[[ Given information, beginning ]]

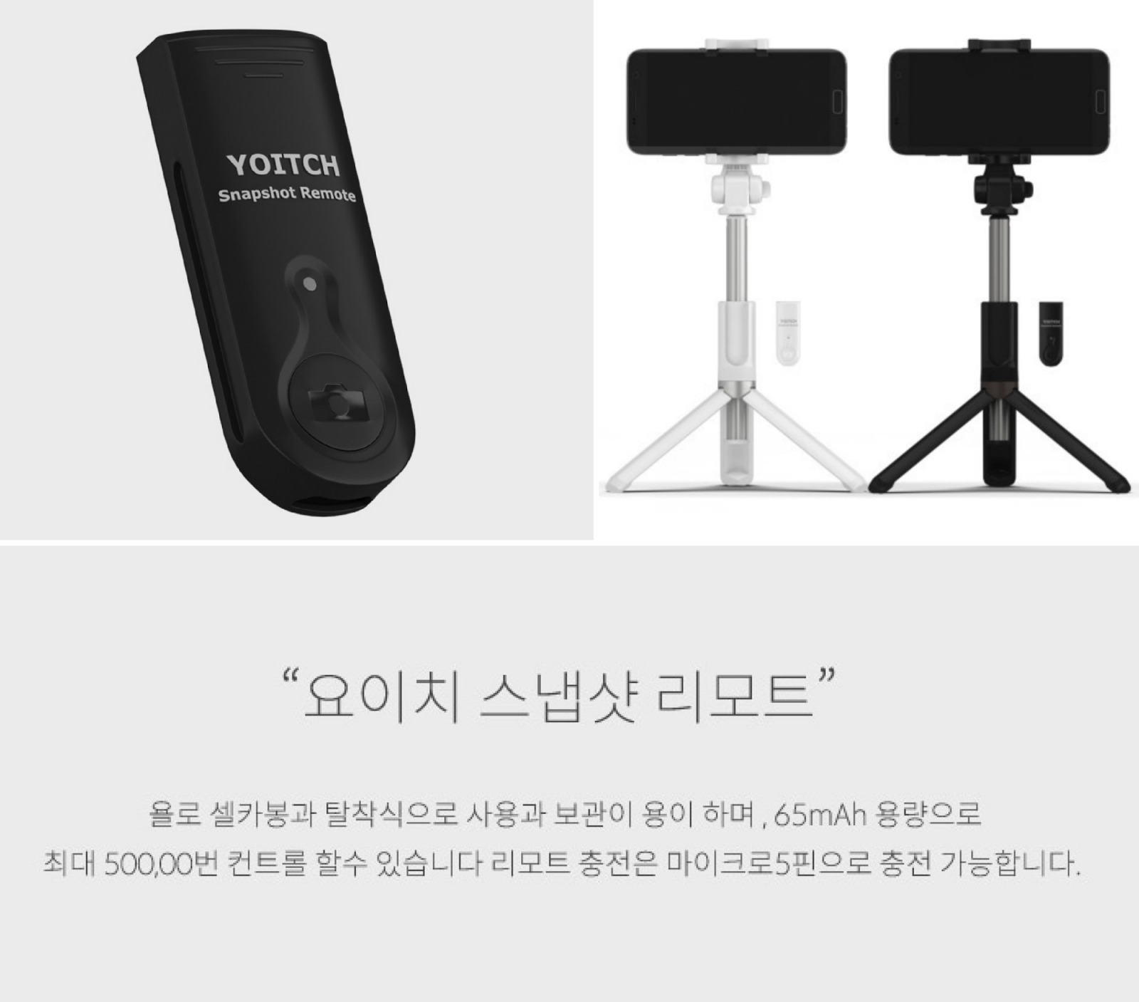 그렇다면, 나만을 위한 그리고 모두를 위한 무선셀카봉은 어떠한 차별점을 지니고 있었을까요? 이제부터 200% 솔직하게 요이치 무선 블루투스 셀카봉 겸 삼각대를 파헤쳐 보겠습니다.
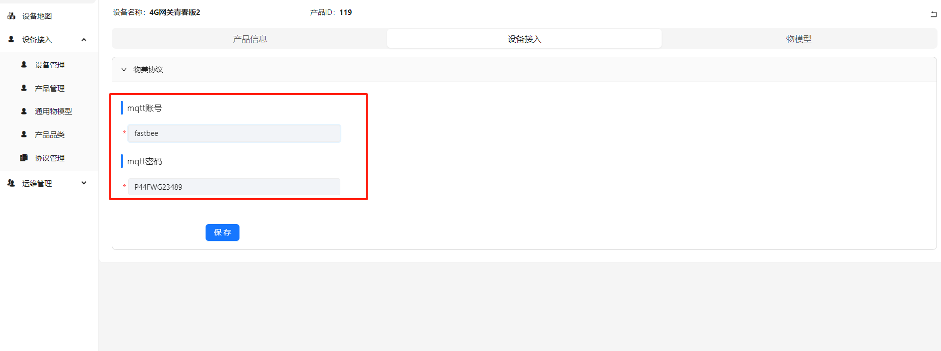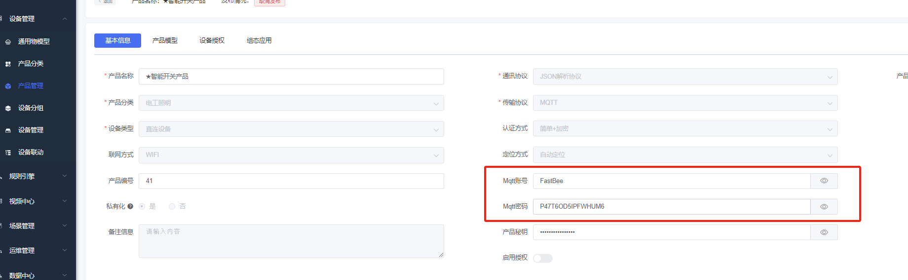 2. 并将物美上的mqtt账号和mqtt密码复制出来
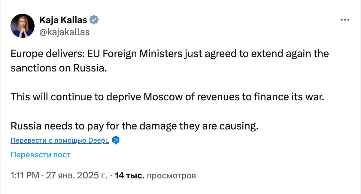 "Европа справляется: министры иностранных дел ЕС только что согласились снова продлить санкции против России. Это продолжит лишать Москву доходов для финансирования ее войны. Россия должна заплатить за ущерб, который она наносит", - написала чиновница.
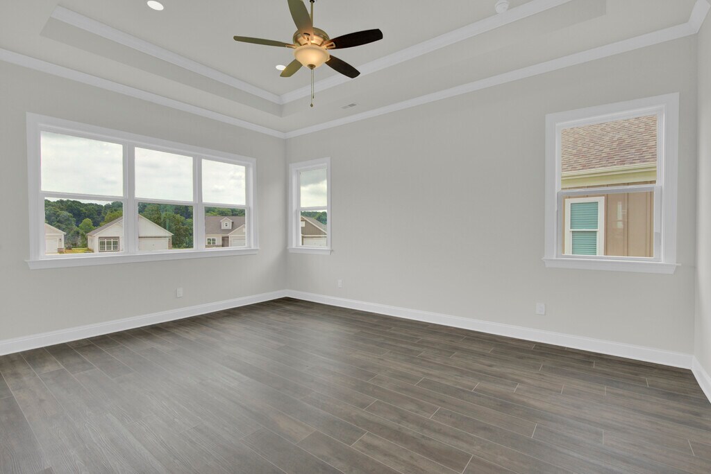Spacious new construction home! 10' ceilings throughout main level. Open concept floor plan. Kitchen features walk-in pantry, oversized island and plenty of storage. Living room with tray ceiling and ceiling fan. Primary suite is located on the main level with a tray ceiling and access to spacious bath with walk-in shower. Generous walk-in closet with access to the laundry room. Upstairs has two bedrooms as well as a flex space great for storage or a play room. Lawn Maintenance included! Convenient to shopping and restaurants. Wonderful opportunity to be the first to enjoy this brand new home.
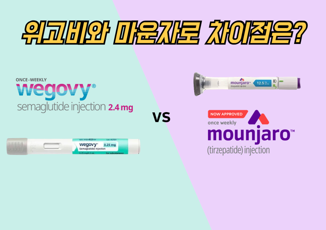 마운자로(티르제파타이드)는 GIP+GLP-1 이중작용, 위고비(세마글루타이드)는 GLP-1 단일 기전입니다.

[[ Given information, end ]]

Problem to work on: Transcribe all of the lines above exactly as given. The pictures stay out.

Written answer:
 그렇다면, 나만을 위한 그리고 모두를 위한 무선셀카봉은 어떠한 차별점을 지니고 있었을까요? 이제부터 200% 솔직하게 요이치 무선 블루투스 셀카봉 겸 삼각대를 파헤쳐 보겠습니다.
 2. 并将物美上的mqtt账号和mqtt密码复制出来
 "Европа справляется: министры иностранных дел ЕС только что согласились снова продлить санкции против России. Это продолжит лишать Москву доходов для финансирования ее войны. Россия должна заплатить за ущерб, который она наносит", - написала чиновница.
Spacious new construction home! 10' ceilings throughout main level. Open concept floor plan. Kitchen features walk-in pantry, oversized island and plenty of storage. Living room with tray ceiling and ceiling fan. Primary suite is located on the main level with a tray ceiling and access to spacious bath with walk-in shower. Generous walk-in closet with access to the laundry room. Upstairs has two bedrooms as well as a flex space great for storage or a play room. Lawn Maintenance included! Convenient to shopping and restaurants. Wonderful opportunity to be the first to enjoy this brand new home.
 마운자로(티르제파타이드)는 GIP+GLP-1 이중작용, 위고비(세마글루타이드)는 GLP-1 단일 기전입니다.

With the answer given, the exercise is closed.